O programa habitacional usará recursos orçamentários da União, do FGTS e de outros três fundos criados para financiar programas habitacionais de governos passados: de arrendamento residencial (FAR), de desenvolvimento social (FDS) e de habitação de interesse social (FNHIS).

Respeitados os regulamentos de cada fundo, o Casa Verde e Amarela poderá financiar ainda estudos e projetos urbanísticos, habitacionais e paisagísticos; obras de saneamento e infraestrutura, se associadas às habitações construídas pelo programa; assistência técnica para melhoria de moradias; compra de bens para apoiar agentes públicos e privados envolvidos na implementação do programa; produção de unidades de uso comercial, se associadas às habitacionais; e seguro.

Os projetos e as obras deverão dar preferência ao uso de materiais de construção oriundos de reciclagem, como tijolos feitos com rejeitos de mineração, além de preverem condições de acessibilidade para pessoas com deficiência ou idosos.

Em obras produzidas com recursos do FAR ou do FDS, governos estaduais e municipais que aderirem ao programa deverão arcar com os custos de infraestrutura básica (ruas, escoamento das águas pluviais e redes de água, esgoto e energia).

Esses entes federados poderão também entrar com o terreno e obras para complementar o empreendimento ou mesmo assumir o valor da operação. Serão aceitos incentivos e benefícios de natureza financeira, tributária ou creditícia, como redução de tributos para diminuir o custo final.

Outra condição para a participação de estados e municípios e do Distrito Federal no programa é a aprovação e publicação de lei de isenção do tributo de transferência do imóvel (ITBI) nesses casos.

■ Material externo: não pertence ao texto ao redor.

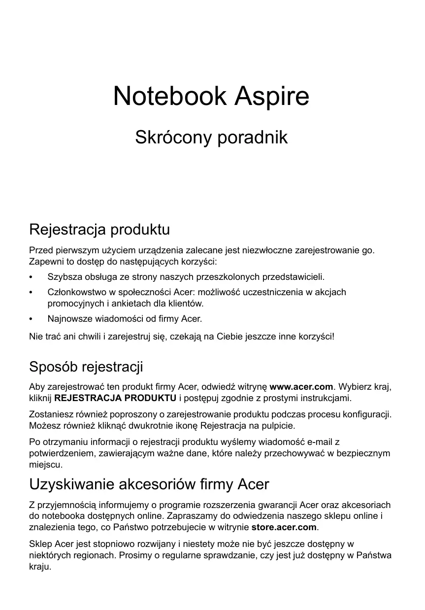 ASPIRE V5-171 - Laptop ACER - Bezpłatna instrukcja obsługi
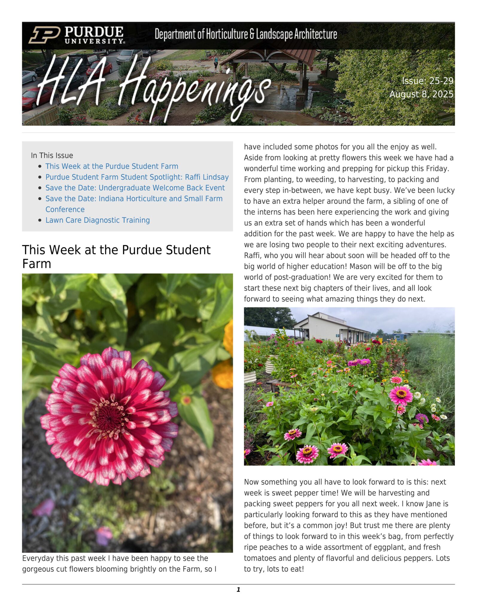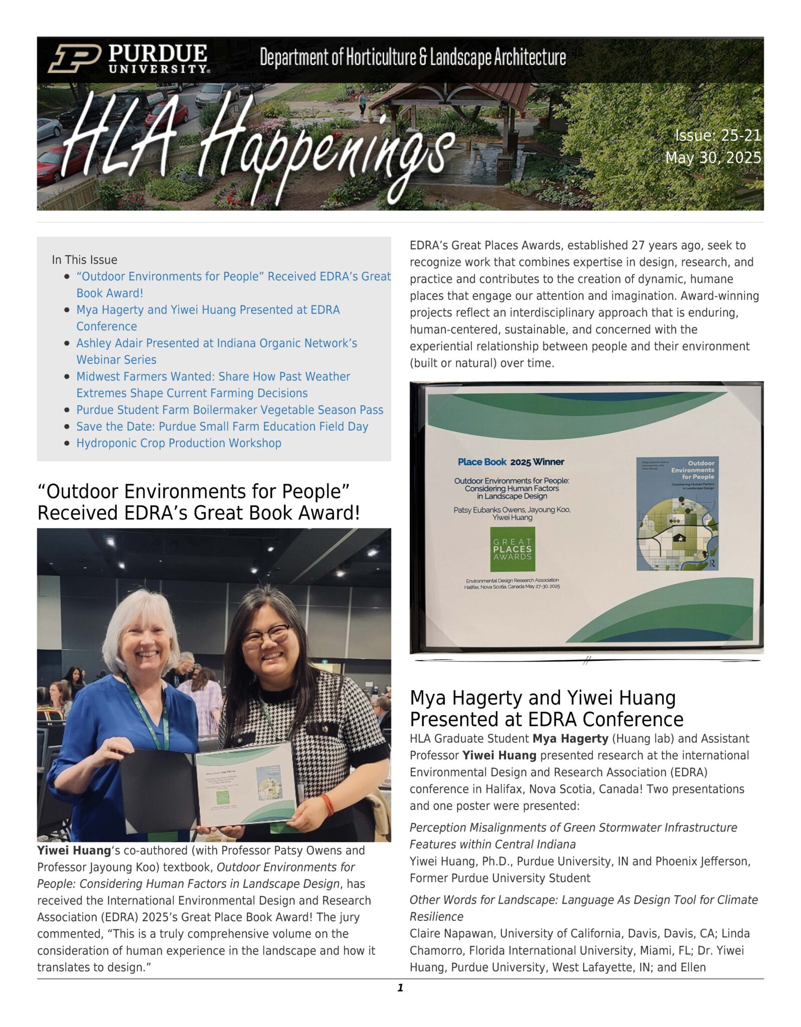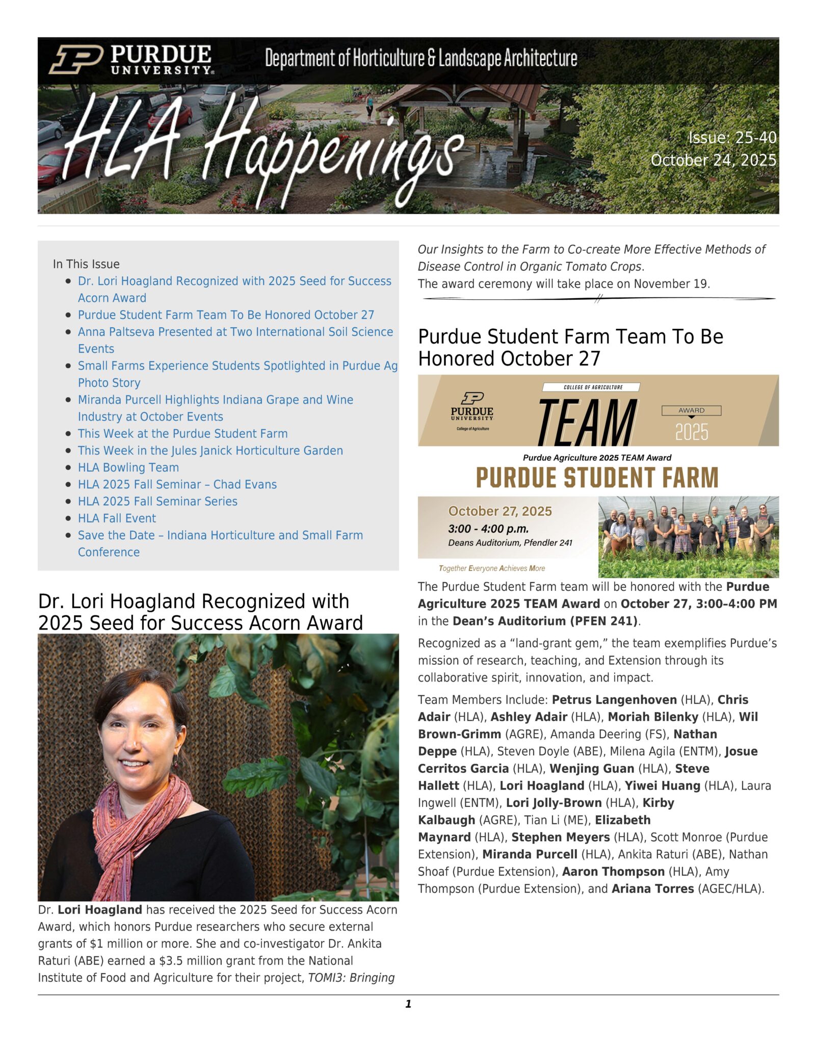 HLA Happenings - Horticulture & Landscape Architecture, 625 Agriculture Mall, West Lafayette, IN 47907© 2025 Purdue University | An equal access/equal opportunity university | Copyright Complaints | Maintained by HLA Happenings

O tributo é normalmente pago pelo comprador.

Para as contratações realizadas até 31 de dezembro de 2021, a lei deve produzir efeitos antes da entrega das unidades habitacionais às famílias beneficiadas.

Proibições

De acordo com a medida provisória, não poderão receber ajuda para a compra do imóvel no âmbito do programa aqueles que já tenham contrato de financiamento com recursos do FGTS ou em condições equivalentes do Sistema Financeiro de Habitação (SFH); aqueles que já tenham imóvel regular com infraestrutura urbana e padrão mínimo de edificação; ou que tenham recebido benefícios similares nos últimos dez anos com recursos dos fundos participantes.

Essa proibição não se aplica, entretanto, ao atendimento de famílias com obras e serviços de melhoria habitacional; envolvidas em situações de reassentamento, remanejamento ou substituição de moradias (encostas, por exemplo); e as desabrigadas que tenham perdido seu único imóvel em razão de situação de emergência ou estado de calamidade pública reconhecidos pela União.

Podem participar ainda as pessoas que tenham propriedade de imóvel residencial em fração de até 40%, ainda que seja por herança ou doação.